1. May 29, 2014

### negation

1. The problem statement, all variables and given/known data

Is {(1; 1; 0);(0; 0; 2);(0; 0; 1);(1; 2; 3)} a spanning set for R3

3. The attempt at a solution

This is supposed to be easy but the answer sheet might be wrong.

The answer I have says it is and then proceed to say that (0;0;2) is linearly independent. But it isn't because (0;0;2) can be expressed as a linear combination of the other vectors!

2. May 29, 2014

### HallsofIvy

Staff Emeritus
Surely it doesn't say "(0; 0; 2) is linearly independent". For one thing that doesn't make sense. A single vector is not "dependent" or "independent". It must be dependent or independent of other vectors. You can also say that a set or vectors is "independent" (no vector is dependent on any of the others in the set) or "dependent" (at least one of the in the set is dependent on others).

In any case, you could answer the question directly from the definition: show that, for any numbers, x, y, and z, there are numbers a, b, c, and d, such that, a(1; 1; 0)+ b(0;0;2)+ c(0;0;1)+ d(1;2;3)= (a+ d; a+ 2; 2b+ c+ 3d)= (x, y, z). That is, show that the set of equations, a+ d= x, a+ 2b= y, 2b+ c+ 3d= z can be solved for any values of x, y, and z.

It is true in any vector space of dimension n, that a set of n independent vectors must span the space. So it is sufficient to find a subset of 3 independent vectors to show that these span the space.
For example, a(1;1;0)+ b(0;0;2)+ c(0;0;1)= (a; a+ b; c)= (0, 0 ,0) then we must have a= 0, a+ b= 0, and c= 0. Since b= 0, a+ b= a= 0. a= b= c= 0 is the only solution so that subset is independent so spans the space so the original set spans the space.
{(1; 1; 0);(0; 0; 2);(0; 0; 1);(1; 2; 3
{(1; 1; 0);(0; 0; 2);(0; 0; 1);(1; 2; 3

3. May 29, 2014

### negation

With respect to the question, the solution set has 1 free variable. Thus, the solution set has infinitely many solutions. And so, span {(1; 1; 0);(0; 0; 2);(0; 0; 1);(1; 2; 3)} is a spanning set for R4.

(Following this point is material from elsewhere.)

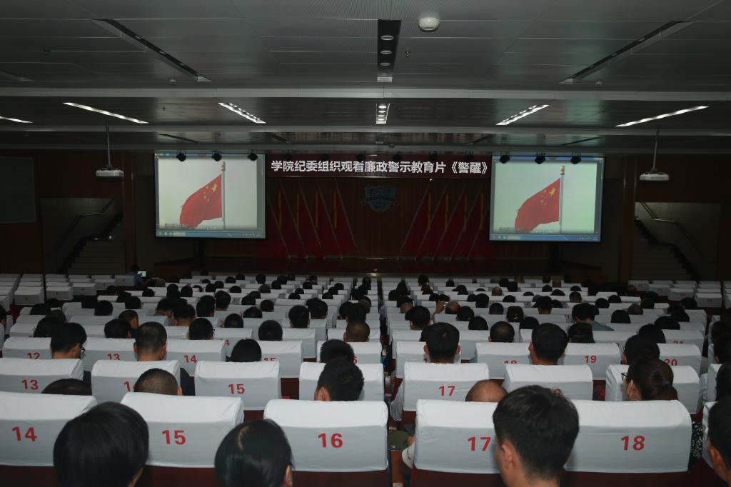 为深入贯彻落实省纪委十一届三次全会关于“深入开展纪律教育,凡查结的党员领导干部违纪违法案件都要在本地本部门开展警示教育,用好反面教材,举一反三,以案明纪,让党员干部为镜鉴”的部署要求,配合吉林省和学院作风大整顿活动,切实增强广大党员的廉洁意识,转变作风,营造风清气正的校园政治生态。根据省纪委和学院党委的统一安排,学院纪委于9月14日下午2点在图书馆报告厅组织学院全体党员观看了廉政警示教育片《警醒》。

Keeping this in mind, I could have equally, instead of expressing [a;b;c;d] as a linear combination of the set of vectors, any vectors in R4 would have equally worked, wouldn't it?

I have also read that row reducing the set of vector
[1 1 1; 0 0 2; 0 0 1; 1 2 3] gives us the rank, which, if rank(matrix)= n for Rn then the solution set is trivial and so the system is linearly independent. But why?

4. May 29, 2014

### HallsofIvy

Staff Emeritus
?? You gave the problem as "Is {(1; 1; 0);(0; 0; 2);(0; 0; 1);(1; 2; 3)} a spanning set for R3?"

That is a "yes" or "no" question. I have no idea what you mean by a "solution set" for a "yes" or "no" question.